Temperate Myxococcus xanthus phage Mx8 encodes a DNA adenine methylase, Mox.

V Magrini 1, D Salmi 1, D Thomas 1, S K Herbert 1, P L Hartzell 1, P Youderian 1
PMCID: PMC179247  PMID: 9209041

Abstract

Temperate bacteriophage Mx8 of Myxococcus xanthus encapsidates terminally repetitious DNA, packaged as circular permutations of its 49-kbp genome. During both lytic and lysogenic development, Mx8 expresses a nonessential DNA methylase, Mox, which modifies adenine residues in occurrences of XhoI and PstI recognition sites, CTCGAG and CTGCAG, respectively, on both phage DNA and the host chromosome. The mox gene is necessary for methylase activity in vivo, because an amber mutation in the mox gene abolishes activity. The mox gene is the only phage gene required for methylase activity in vivo, because ectopic expression of mox as part of the M. xanthus mglBA operon results in partial methylation of the host chromosome.

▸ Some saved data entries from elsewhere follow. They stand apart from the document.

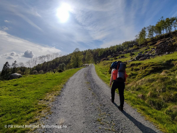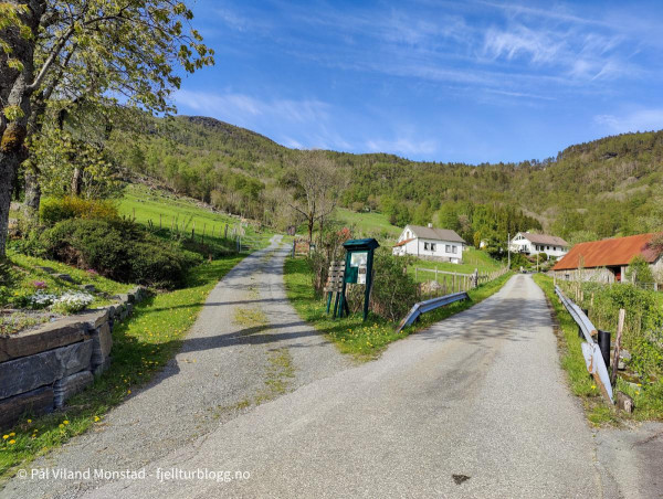 Turen starter på lang grusvei, opp til venstre her.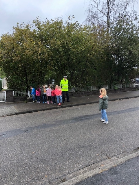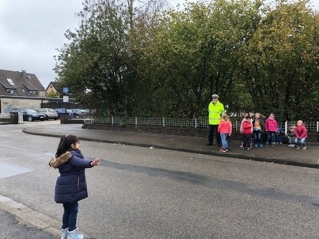 Heute war ein Polizist bei uns in der Schule, der mit uns zusammen geübt hat. Ich habe alles richtig gemacht!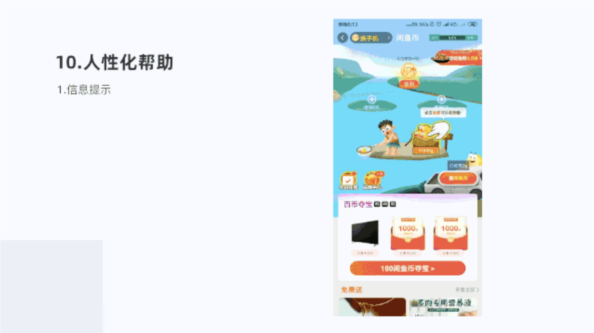 目標引導設計,劃定規則和目標路徑,引導用戶參與其中,在簽到活動頁面一個小路徑,用戶點擊撈魚,撈上來之后,就可以兌換閑魚幣了,讓用戶趣味游戲同時獲得閑魚幣,提升參與感,增強了用戶體驗。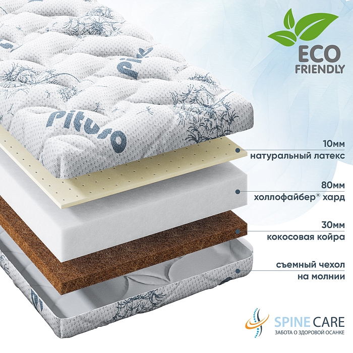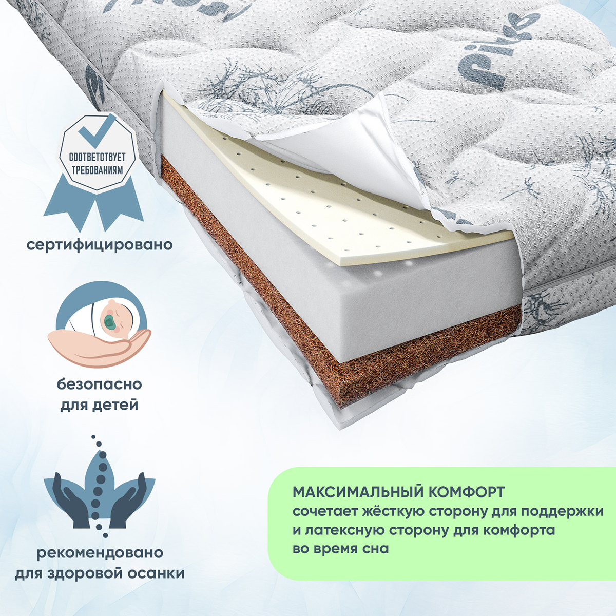 Повышенную ортопедическую жесткость одной из сторон матраса обеспечивает трипл-слой из натуральной кокосовой койры. Эта сторона подойдет как новорожденным малышам, так и деткам постарше.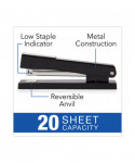 Traditional no-frills desktop stapler meets your regular stapling needs. Metal construction guarantees reliable performance. The classic design of this stapler makes both desktop and handheld stapling comfortable. Full rubber slipper on stapler base prevents skidding on any surface. Staples, tacks and pins-pull open to post items to tackable surfaces and reverse the anvil to instantly create a temporary pin staple.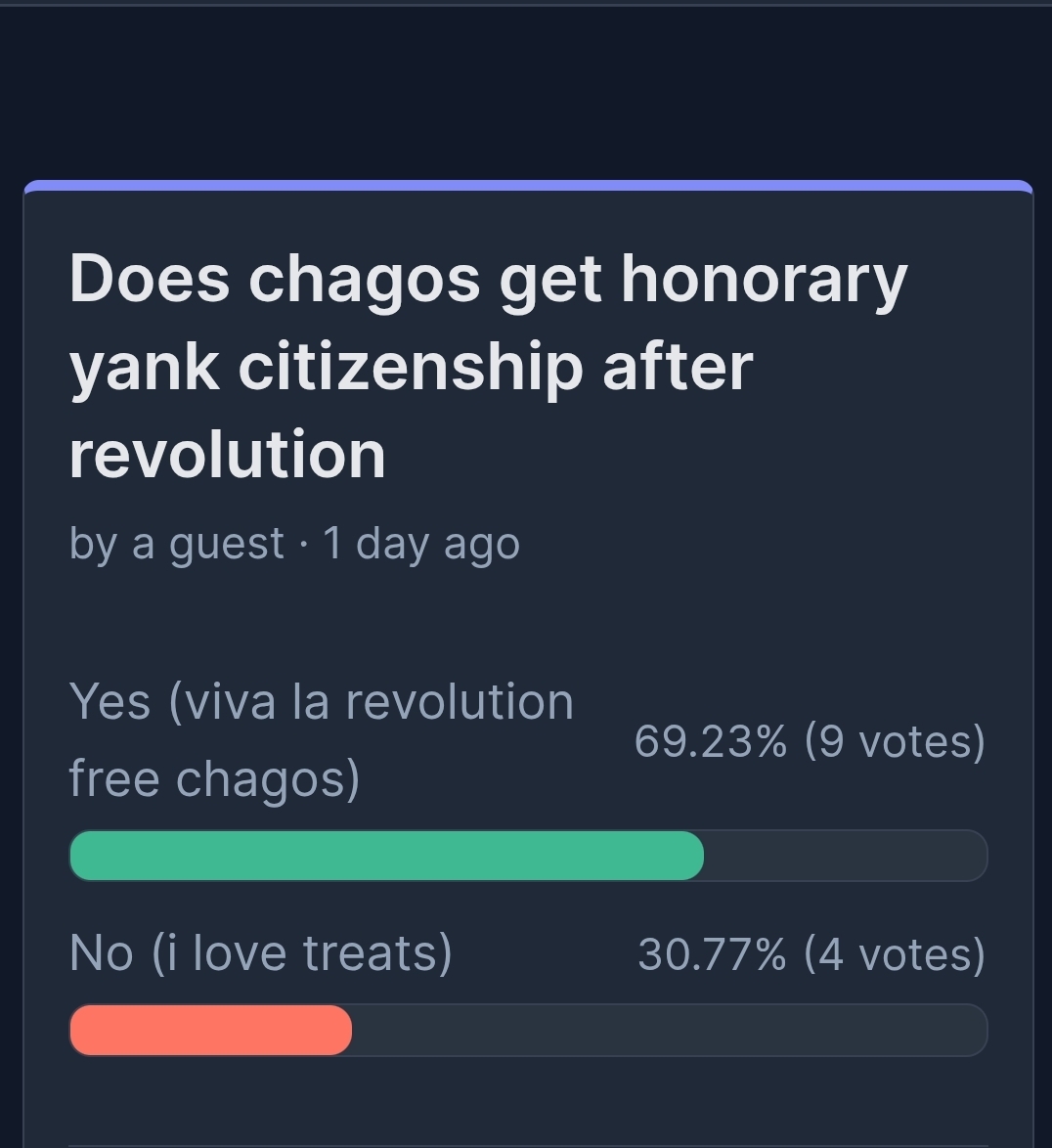 >>2699749All i ask is be nice to Chagos. He is literal survivor of genocide which you epstein people perpetrate.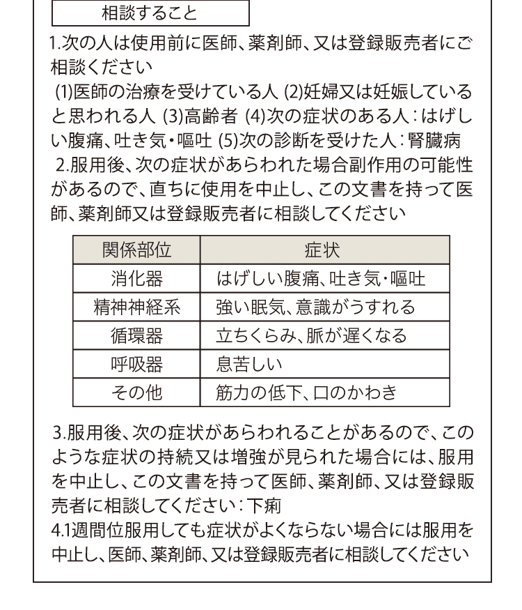 1週間ほど服用しても症状が改善しない場合は、服用を中止し、医師や薬剤師にご相談ください。
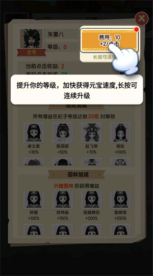 1、通过点击屏幕,玩家可以不断的获得元宝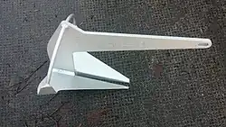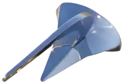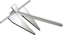 Originally designed as a lightweight anchor for seaplanes, this design consists of two plough-like blades mounted to a shank, with a folding stock crossing through the crown of the anchor.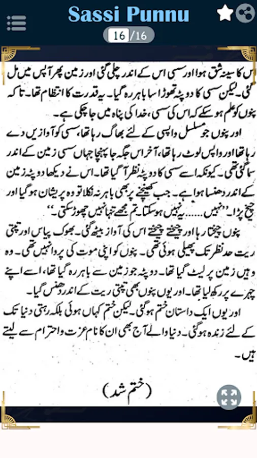 When Sassi woke up the following morning, she realized that she was cheated by her brothers-in-law. She became mad with the grief of separation from her beloved and ran barefoot towards the town of Kech Makran. To reach it, she had to cross miles of desert. Alone, she continued her journey until her feet were blistered and her lips were parched from crying "Punnhun, Punnhun!". The journey was full of dangerous hazards. She was thirsty, when she saw a shepherd coming out of a hut. He gave her some water to drink. Seeing her incredible beauty, he tried to force himself on Sassi. Sassi escaped and prayed to God to hide her. God listened to her prayers, land shook and split and Sassi found herself buried in the valley of mountains. When Punhun woke in Makran he could not stop himself from running back to Bhambore. On the way he called out "Sassi, Sassi!" to which the shepherd told Punnhun the whole story. Punnhun also lamented the same prayer, the land shook and split again and he was also buried in the same mountain valley as Sassi. The legendary grave still exists in this valley. Shah Abdul Latif Bhittai sings this historic tale in his Sufi poetry as an example of eternal love and union with divine. But according to the famous tale by Hashim (poet) (Hashim Shah) Sassi dies while crossing the desert.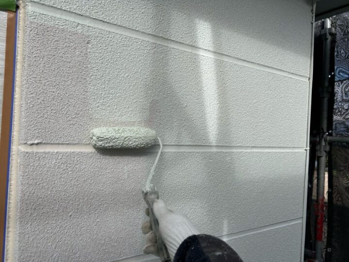 下塗り後、塗料の性能を発揮できる塗膜にする為、上塗りを2回行います。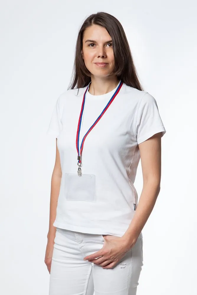 Бейдж крепится к ленте с помощью металлической клипсы.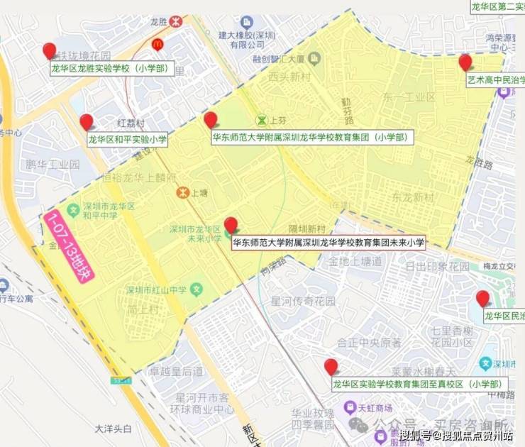 旁边还有龙华区和平中学、简上体育综合体、龙华区未来小学、红山中学,商业周边有上塘荟。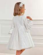 Jarný žakárový elegantný kabát pre dievčatá. Bodkovaný elegantný kabátik. Farba: biela. Rukávy: 3/4 rukávy s volánmi. Zapínanie je na cvoky. Strih: do Áčka, sukňový skladaný strih.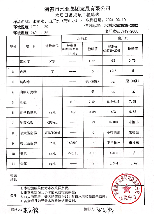 2021年2月19日水質(zhì)檢驗報告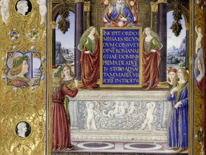 Pagina tratta dal Messale di Mattia Corvino (Firenze, 1485-1487), Bibliothèque royale de Belgique, Bruxelles.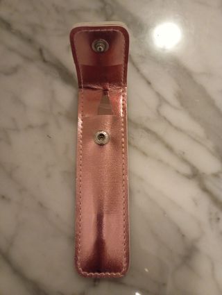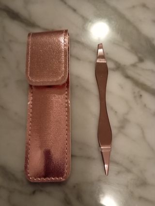 Pinzetta per sopracciglia, con custodia. Doppia: una pinzetta per lato, di dimensioni diverse. Nuova, mai utilizzata, ancora con i blocchi originali.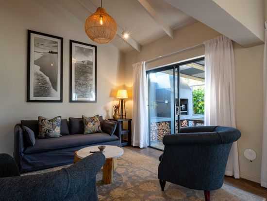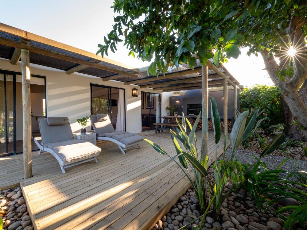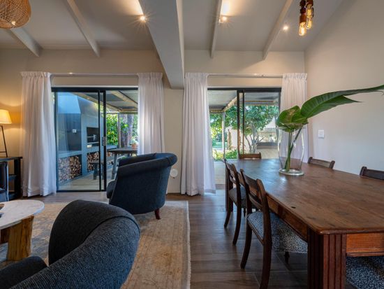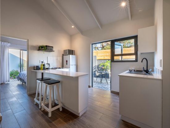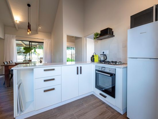 This modern, newly renovated cottage is situated at Rhone Hill Polo Club. The cottage is tastefully furnished with open plan living areas which lead out to a covered patio and deck. This is a lovely tranquil space to enjoy a barbeque and relax on a lounger after a day of activities. There are two bedrooms, one with a bunk bed, and both have sliding doors leading out to the deck area. Rhone Hill Polo Club is a short drive out of town, on the edge of the Bitou Nature Reserve.
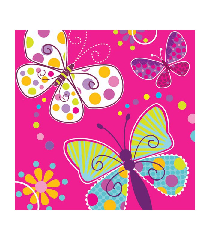 Chaque paquet contient 16 serviettes de notre thème Papillons Dimension: 13cm x 13cm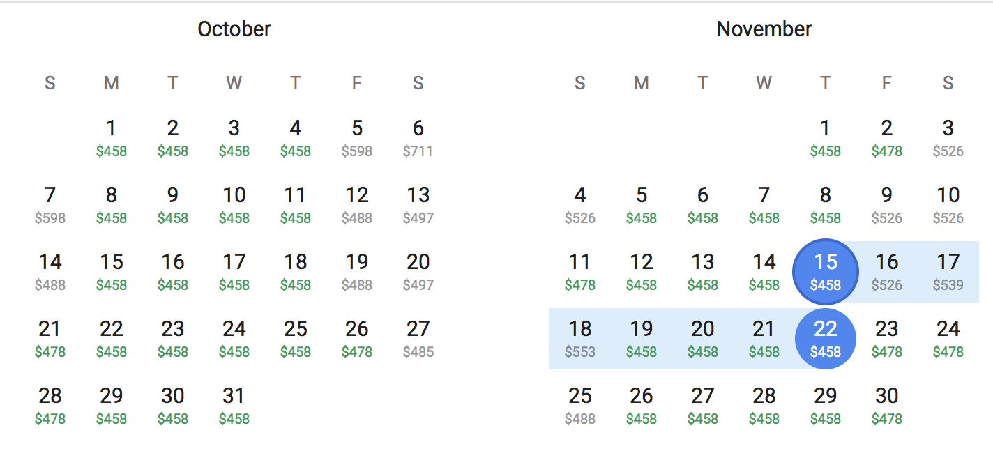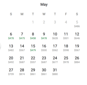 - Use Google Flights to check for available dates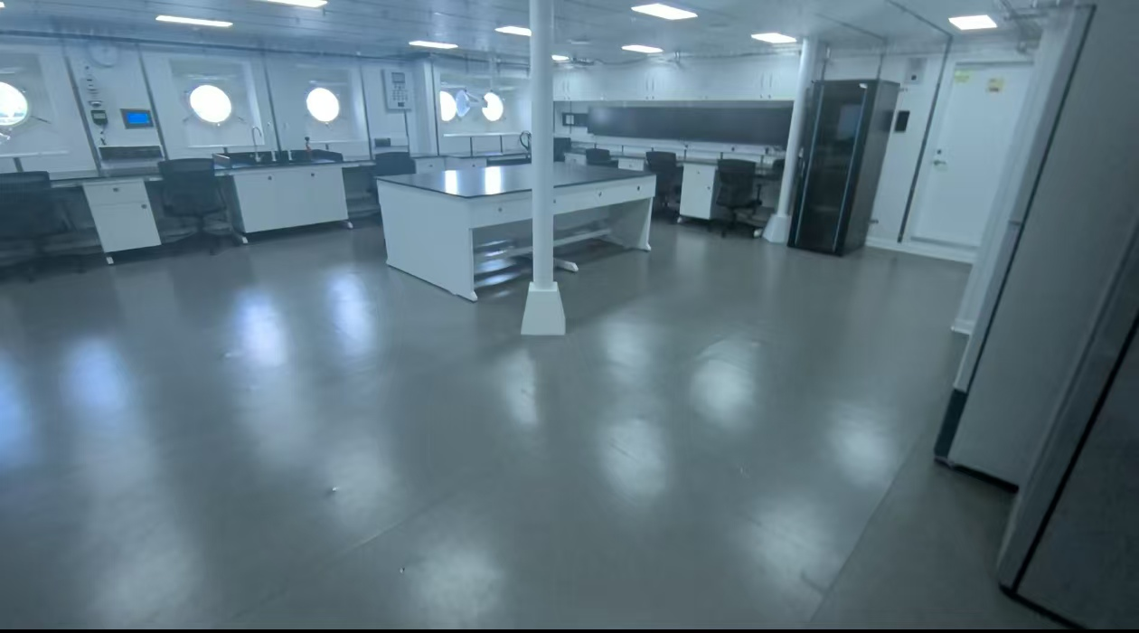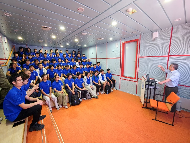 登船师生们按顺序参观了智能驾驶平台、舒适的生活休闲区、高性能实验室和多功能甲板作业区等,随后齐聚在阶梯教室,聆听学院院长、翦知湣院士主讲的“海上大学”开班第一课。翦老师回忆了多次参加国内外科考航次的经历,尽管收获颇多,但也有些许遗憾,希望能乘坐同济人建造的科考船探索深海大洋。在建院五十周年之际,这个梦想终于变成了现实,“同济”号正式交付使用,第一个任务就是承担本科生的海上实习航次,充分体现了学校对人才培养的高度重视。

The predicted amino acid sequence of Mox is related most closely to that of the methylase involved in the cell cycle control of Caulobacter crescentus. We speculate that Mox acts to protect Mx8 phage DNA against restriction upon infection of a subset of natural M. xanthus hosts. One natural isolate of M. xanthus, the lysogenic source of related phage Mx81, produces a restriction endonuclease with the cleavage specificity of endonuclease BstBI.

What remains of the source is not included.